Membership in the Great Arcadia, an exclusive East Coast yacht club, is pretty much limited to the rich and powerful in 1980s business, finance, and politics.

But the sexually charged murder of Greek billionaire George Minot during their annual regatta off the coast of Maine opens a door into a secret world of addictive sexuality and excess beneath the starched sheets of the East Coast establishment.

Tim Bigelow is looking forward to spending a week at sea with the magical Cassie Sears, who has suddenly appeared in his life. He’s also there to celebrate his older brother, Harry—the retiring commodore of the Great Arcadia who’s on course for a major role in the White House. That prospect slips away when Minot is murdered and details start to come out, including the alarming fact that Minot saw himself as a latter-day embodiment of the Minotaur—the half-man, half-bull creature who lurked in the Labyrinth beneath the ancient city of Knossos in one of the oldest myths in the Western canon.

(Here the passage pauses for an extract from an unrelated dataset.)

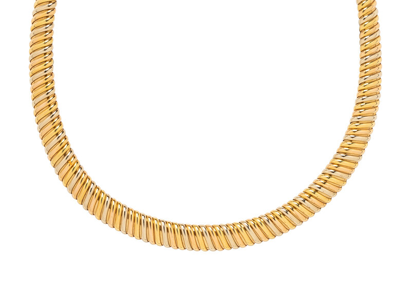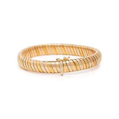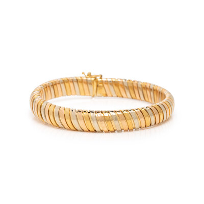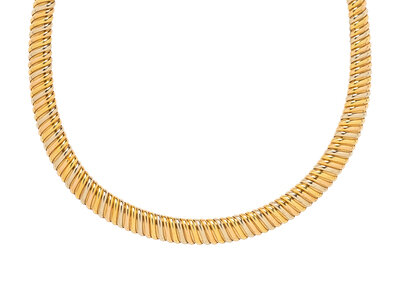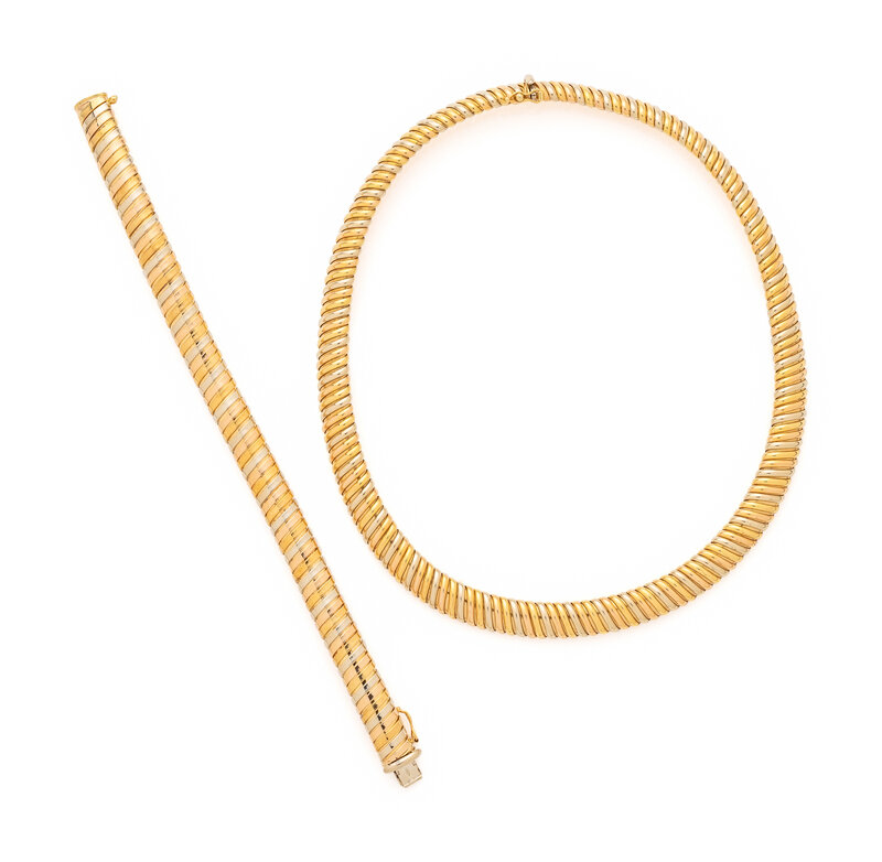 Highly flexible links measuring approximately 10.00 mm wide. 18 karat white and yellow gold. Necklace: 16 3/4 inches long. Bracelet: 7 3/4 inches long.

From the decks of the world’s finest yachts to the beds and boardrooms of some of the most powerful people in America to an electrifying courtroom trial in a dying town, The Practical Navigator steers a course through its own labyrinth . . . a whirlpool of obsessive sexuality, murder, and despair.

“A world of intrigue, suspense, sex and murder. A riveting legal mystery. I couldn’t stop reading.”

—James D. Zirin, author of The Mother Court

Author’s Note

Writing this book—my somewhat delayed “debut novel”—was the most fun (and the hardest job) I’ve had in a long, long time. And it is my favorite. I could not be prouder of Younger Next Year and the impact it’s had on a bunch of lives, but this one is still my favorite. I hated to finish it because I missed the people so damn much. Sounds silly, but it’s true.